→ **Data shown**:
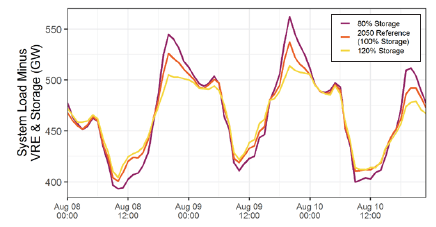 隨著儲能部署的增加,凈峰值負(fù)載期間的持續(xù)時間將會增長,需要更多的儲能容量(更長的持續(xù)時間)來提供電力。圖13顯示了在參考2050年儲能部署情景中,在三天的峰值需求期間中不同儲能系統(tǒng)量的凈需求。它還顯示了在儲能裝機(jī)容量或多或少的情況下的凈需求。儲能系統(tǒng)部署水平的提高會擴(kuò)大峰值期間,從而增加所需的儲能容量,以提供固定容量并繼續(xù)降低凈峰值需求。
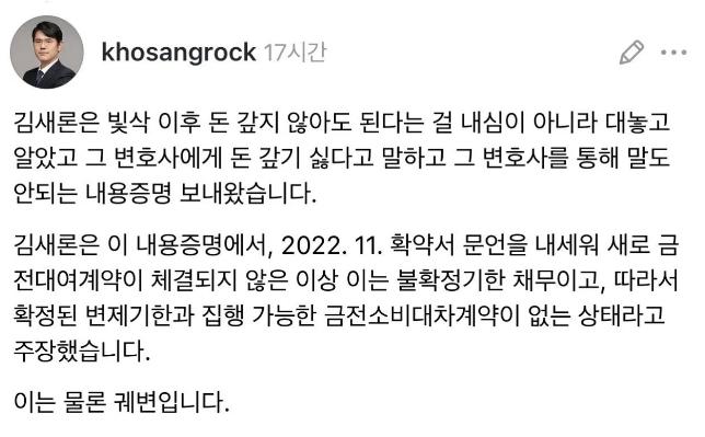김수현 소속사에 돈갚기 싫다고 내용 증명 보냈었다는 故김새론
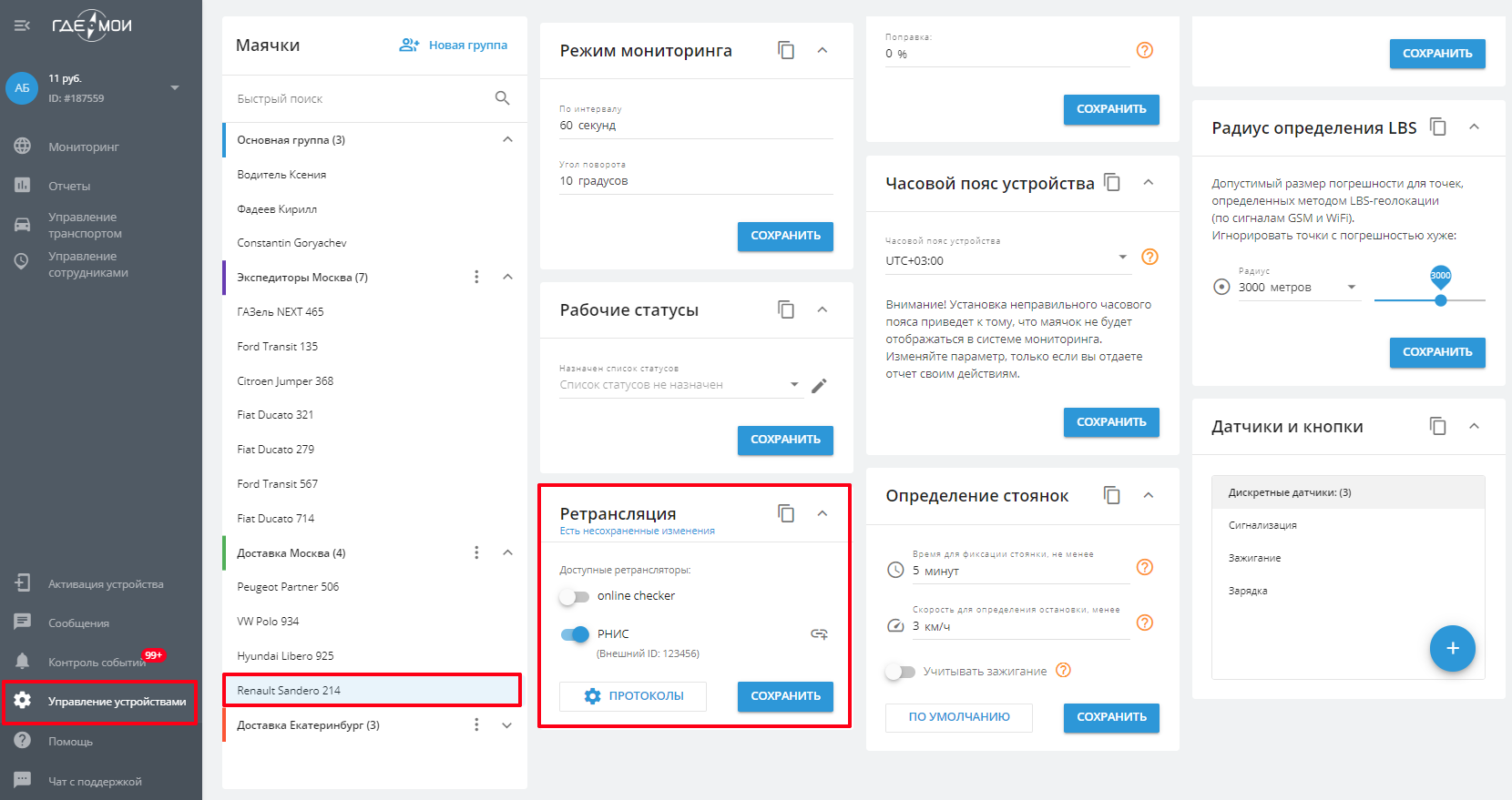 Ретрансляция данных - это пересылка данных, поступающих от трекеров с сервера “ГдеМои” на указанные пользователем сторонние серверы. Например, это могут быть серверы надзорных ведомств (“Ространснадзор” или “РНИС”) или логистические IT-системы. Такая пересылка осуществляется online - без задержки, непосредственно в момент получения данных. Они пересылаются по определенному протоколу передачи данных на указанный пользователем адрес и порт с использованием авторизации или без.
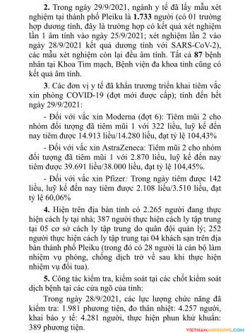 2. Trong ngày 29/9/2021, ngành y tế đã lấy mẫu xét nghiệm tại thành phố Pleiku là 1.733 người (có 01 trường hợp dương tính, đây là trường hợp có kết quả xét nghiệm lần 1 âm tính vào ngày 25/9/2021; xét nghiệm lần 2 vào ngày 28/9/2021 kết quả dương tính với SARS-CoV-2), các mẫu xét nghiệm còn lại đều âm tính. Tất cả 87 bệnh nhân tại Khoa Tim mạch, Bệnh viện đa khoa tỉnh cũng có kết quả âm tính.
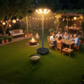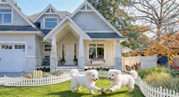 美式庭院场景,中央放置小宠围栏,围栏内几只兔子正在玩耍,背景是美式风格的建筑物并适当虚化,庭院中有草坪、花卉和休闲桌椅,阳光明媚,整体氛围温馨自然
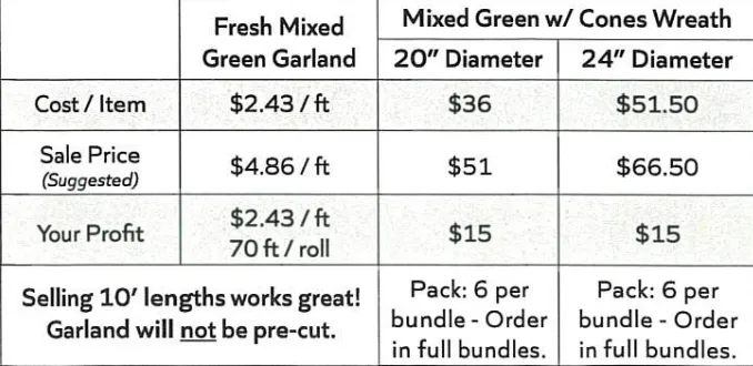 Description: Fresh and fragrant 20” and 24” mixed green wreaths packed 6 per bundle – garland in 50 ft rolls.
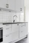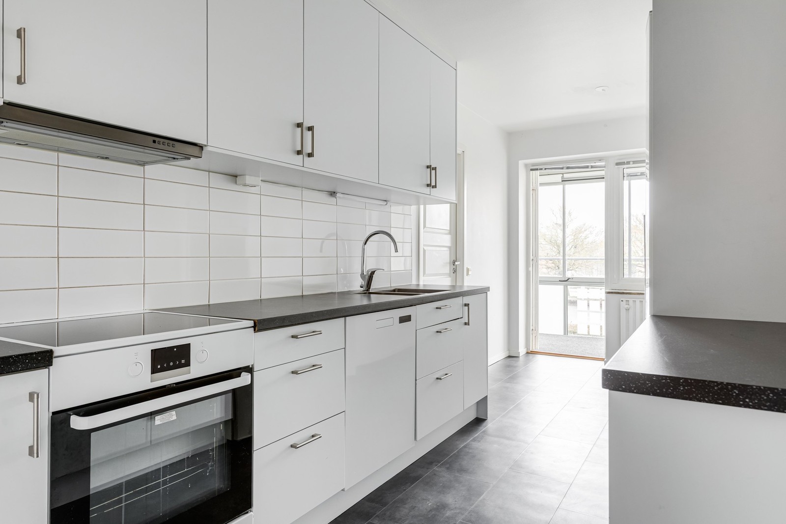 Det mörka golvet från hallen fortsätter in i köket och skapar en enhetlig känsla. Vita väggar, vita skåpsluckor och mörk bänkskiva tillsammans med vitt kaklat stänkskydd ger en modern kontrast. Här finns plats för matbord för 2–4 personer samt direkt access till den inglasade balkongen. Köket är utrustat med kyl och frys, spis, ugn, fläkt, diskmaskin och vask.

==

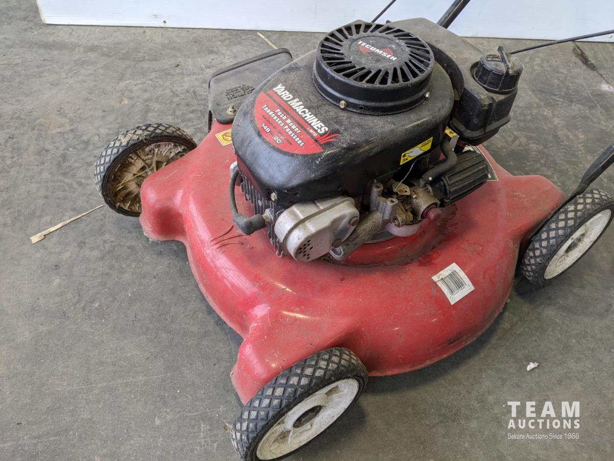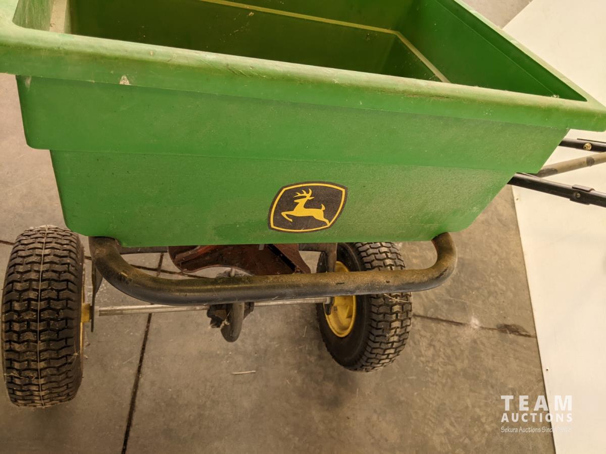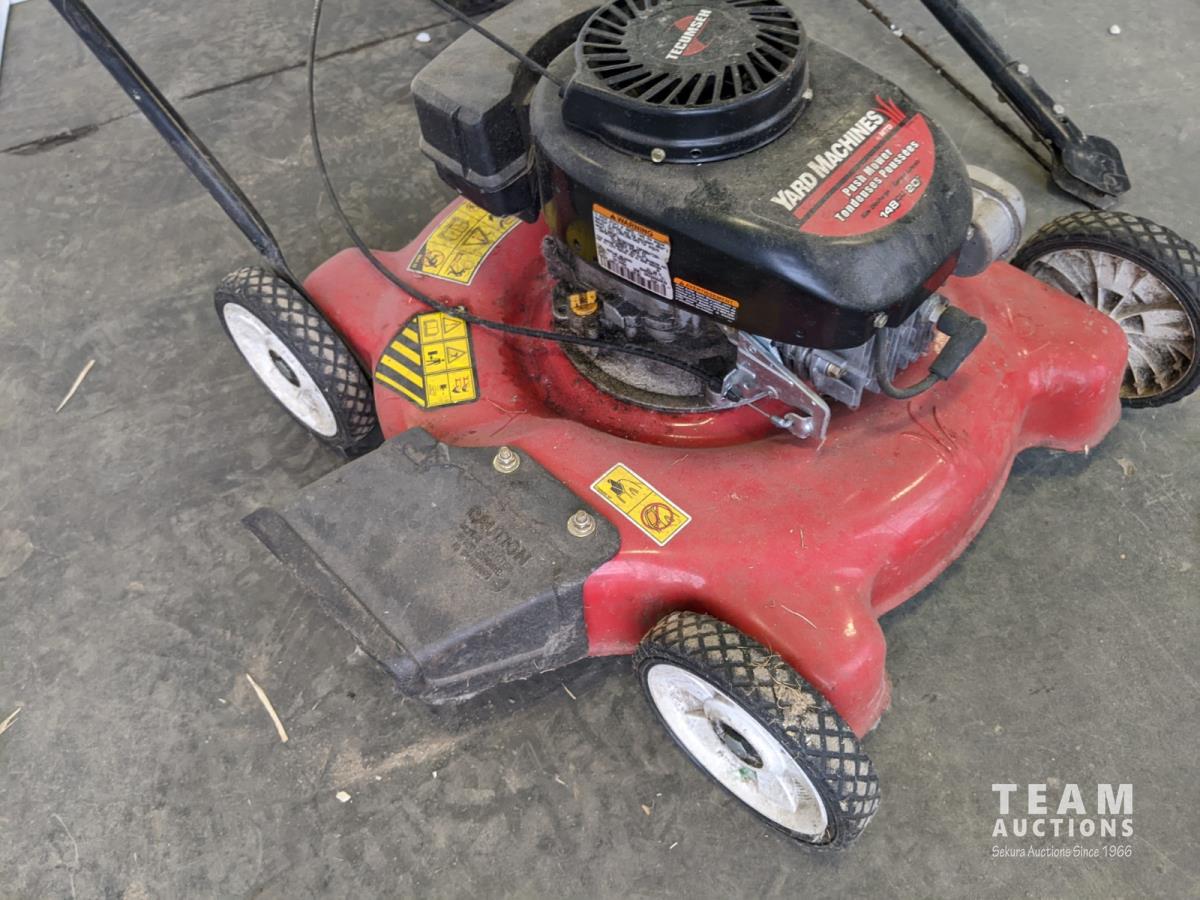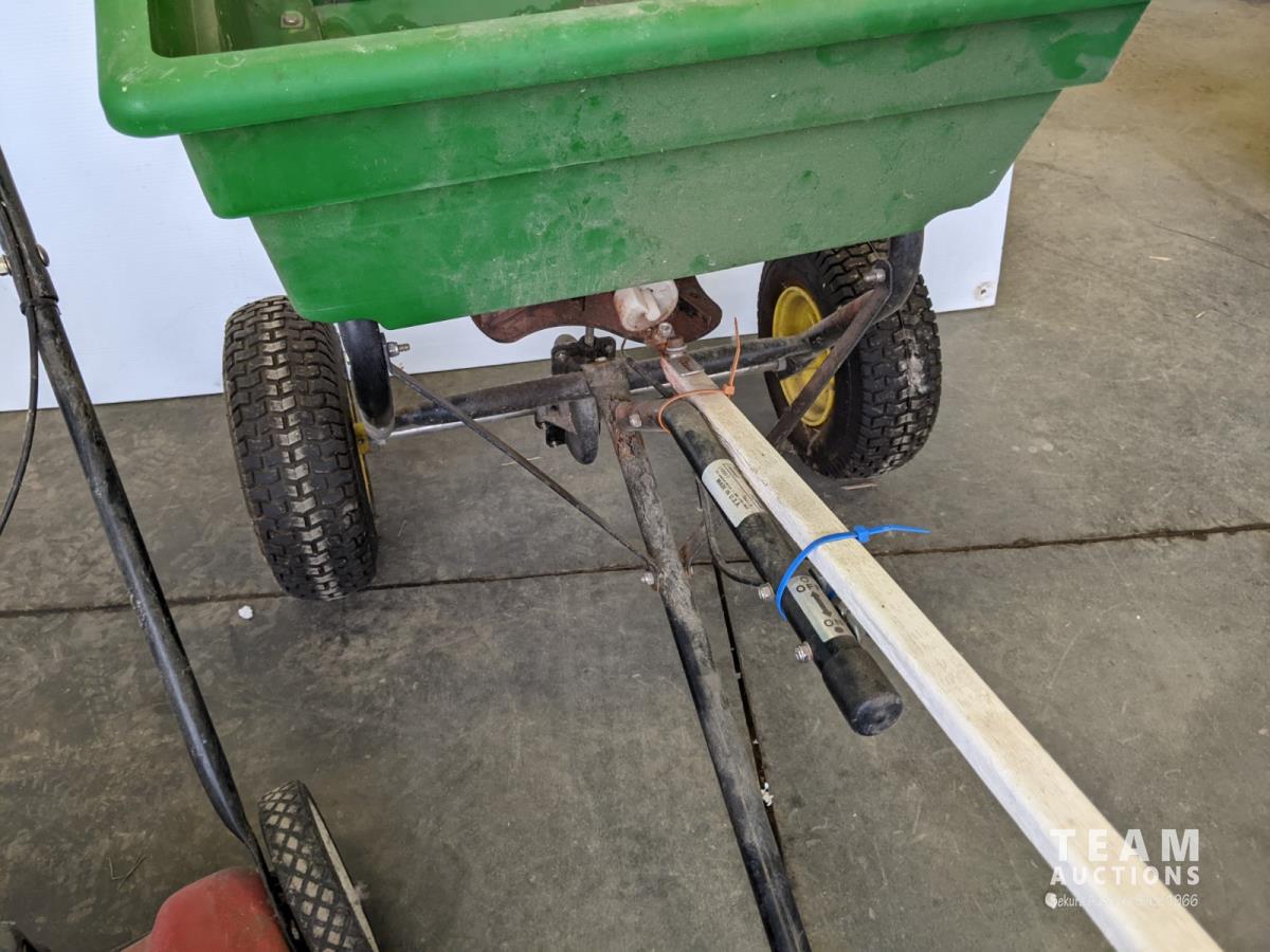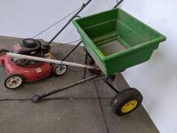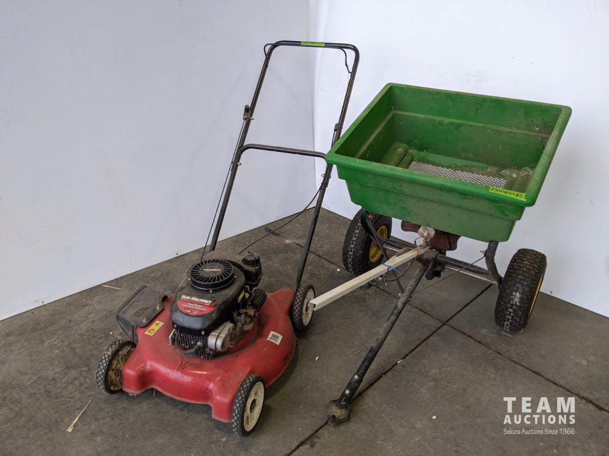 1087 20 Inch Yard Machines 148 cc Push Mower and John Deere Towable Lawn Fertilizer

...

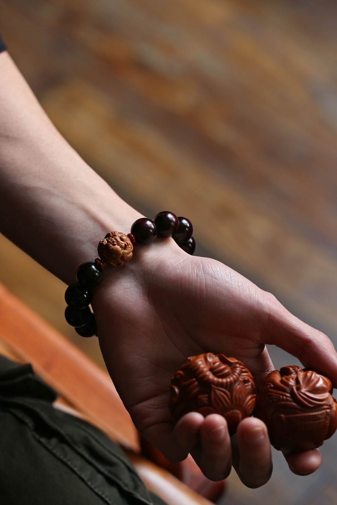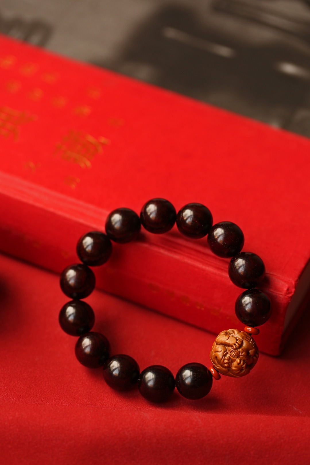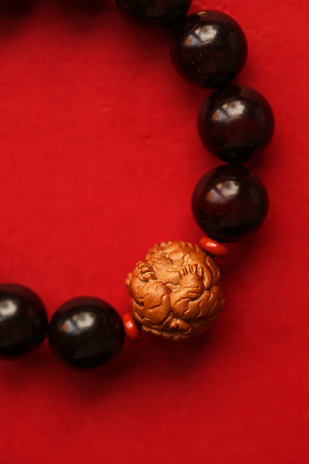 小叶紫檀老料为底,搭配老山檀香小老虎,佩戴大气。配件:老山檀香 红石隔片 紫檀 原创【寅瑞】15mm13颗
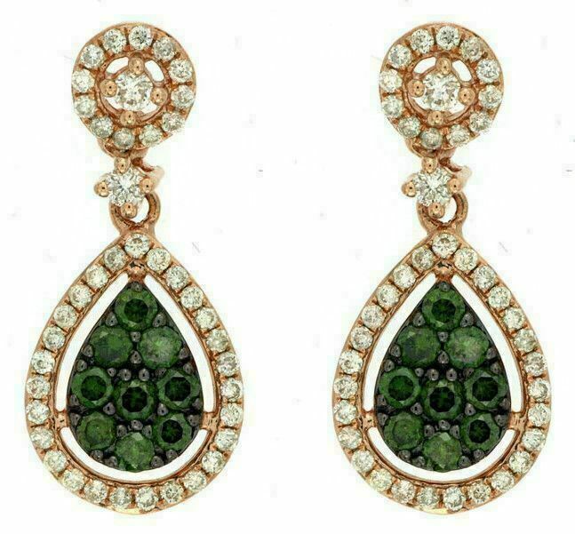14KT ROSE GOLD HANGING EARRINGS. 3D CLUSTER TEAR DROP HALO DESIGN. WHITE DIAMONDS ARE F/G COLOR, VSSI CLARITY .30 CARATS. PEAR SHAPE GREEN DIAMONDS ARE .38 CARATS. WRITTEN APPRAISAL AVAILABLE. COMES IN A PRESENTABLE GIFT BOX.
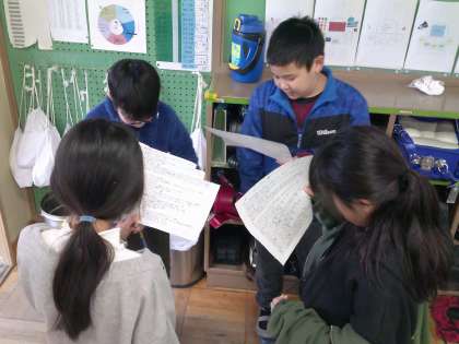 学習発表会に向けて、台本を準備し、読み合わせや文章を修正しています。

→ **Problem to solve**: From the material above, reproduce only what runs from the line holding "隨著儲能部署的增加,凈峰值負" down to the line holding "김수현 소속사에 돈갚기 싫다고 내용 증명 보냈었다는 故김새론", both included, pictures excluded.

→ **Written reply**:
 隨著儲能部署的增加,凈峰值負(fù)載期間的持續(xù)時間將會增長,需要更多的儲能容量(更長的持續(xù)時間)來提供電力。圖13顯示了在參考2050年儲能部署情景中,在三天的峰值需求期間中不同儲能系統(tǒng)量的凈需求。它還顯示了在儲能裝機(jī)容量或多或少的情況下的凈需求。儲能系統(tǒng)部署水平的提高會擴(kuò)大峰值期間,從而增加所需的儲能容量,以提供固定容量并繼續(xù)降低凈峰值需求。
김수현 소속사에 돈갚기 싫다고 내용 증명 보냈었다는 故김새론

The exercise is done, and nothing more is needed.